Em Março de 2012, Jorge Figueira, crítico de arquitectura desta casa, escrevia um texto belíssimo intitulado Escrever arquitectura, onde sintetizava um percurso mais ou menos coreografado da condição da arquitectura-escrita. Por essa altura começava também o Inverno do meu descontentamento. Um desencanto pela prática da arquitectura, exercida sobre a escassez e a expectativa frustrada do meu desejo “saturado e obsessivamente autoral”, como dizia Pedro Barroso.
Perdoem-me já me ter socorrido da nota autobiográfica mas, para o caso, há-de ter a sua relevância. E, já agora, permitam-me uma outra inconfidência: para que escrevem publicamente os arquitectos sobre arquitectura? Para aliciar clientes potenciais para si, para os seus pares e para a própria disciplina (além de outros recados para dentro). Parece-nos, contudo, inevitável, nesta tipologia de escrita, o recurso a uma certa necessidade de extra-erudição na palavra que quer falar de espaço.

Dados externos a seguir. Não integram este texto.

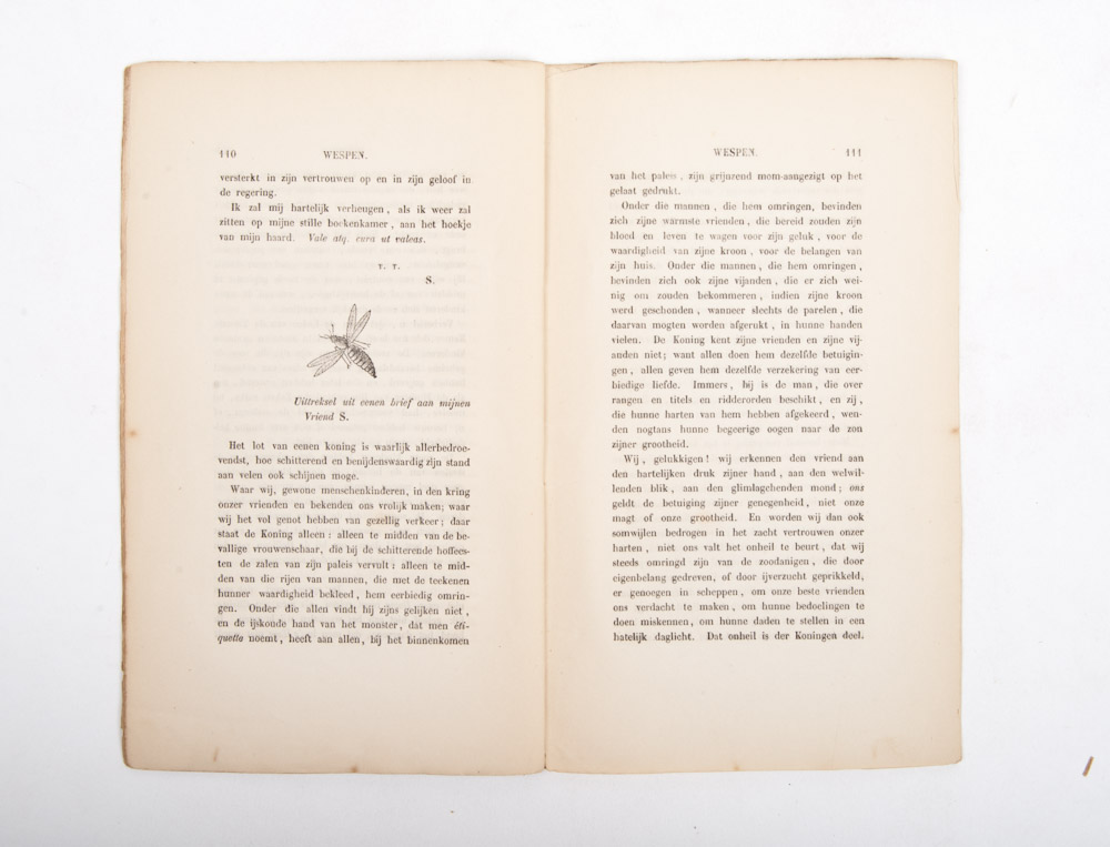 Politiek satyrisch tijdschrift, uitgegeven in Amsterdam en gedrukt door N.W. van Nifterick. The first 13 issues appeared in 1844-1846 with snide comments on religion and politics. Unusual collection of texts [author possibly Jacob van Lennep, who was a writer, poet, politician and editor].

Nesta perspectiva ainda narcísica de arquitectura enquanto virgem-branca, o arquitecto-escritor tem escolhido abusar de tiques de pretensioso virtuosismo técnico-poético e respectiva demonstração laboriosa do domínio lexical onde é versado (tal como esta, mea culpa) em detrimento de uma comunicação autêntica, mas sedutora, a mesma que usa na mesa de jantar informal socorrida de citações, referências e (as) outras histórias.
Se tudo (na escrita) é autobiográfico, como nos relembra Saramago, pode a escrita de arquitectura também o ser, criando imagens mentais de desejo a quem nos ouve, através das nossas memórias no espaço? Talvez, como o fez, por exemplo, Aldo Rossi na sua ironicamente intitulada Autobiografia Científica, onde nos lega sedutoramente a sua memória da maneira como o nevoeiro dança pela arquitectura. Porque a arquitectura é (também) sobre o tempo e o tempo, no espaço. O tempo cronológico e o tempo meteorológico, ambos deficitariamente absorvíveis em alturas como esta, preferencialmente apegada à clausura.
Mas como se escreve sobre o espaço? Diz-nos Figueira que “escrever sobre arquitectura continua a ser um exercício particular: porque não se pode socorrer da candura do pop, da liturgia do cinema, do jargão da teoria de arte, da poesia da ciência política”. É quando a arquitectura absorve o que a toca (e toca tanto) que se torna mais sedutora ao nosso leitor-consumidor, beneficiando da sua tendência transdisciplinar. Nada de ensinar a ver ou a fazer arquitectura — não aborreçamos o nosso espectador. Depois de reflectir sobre o objecto e o objectivo, o evento, a efeméride e a polémica, falemos-lhe apenas da nossa paixão pelo espaço e das tantas dúvidas e desejos que este (ainda) nos oferece. É preciso que a escrita mastigue incessantemente a pergunta de John Pawson e encontre a melhor forma de a devolver ao nosso espectador-cliente: porque é que me sinto melhor num espaço do que noutro? Caro leitor-cliente, se não sabe, não se preocupe. A função primeira da nossa disciplina é descobri-lo consigo.
Escrever sobre arquitectura pode ser, afinal, uma tarefa ingrata que exige exposição íntima, mas não privada, como diria Pedro Mexia. Em tempos de instagramers e influencers, caberá ao arquitecto-escritor expor-se a si e à arquitectura com a mesma quasi nudez sedutora de um bailarino dentro do nevoeiro. A nossa autobiografia e a dupla dimensão do tempo será afinal tudo o que precisamos de conhecer para escrever (ou dançar) na arquitectura?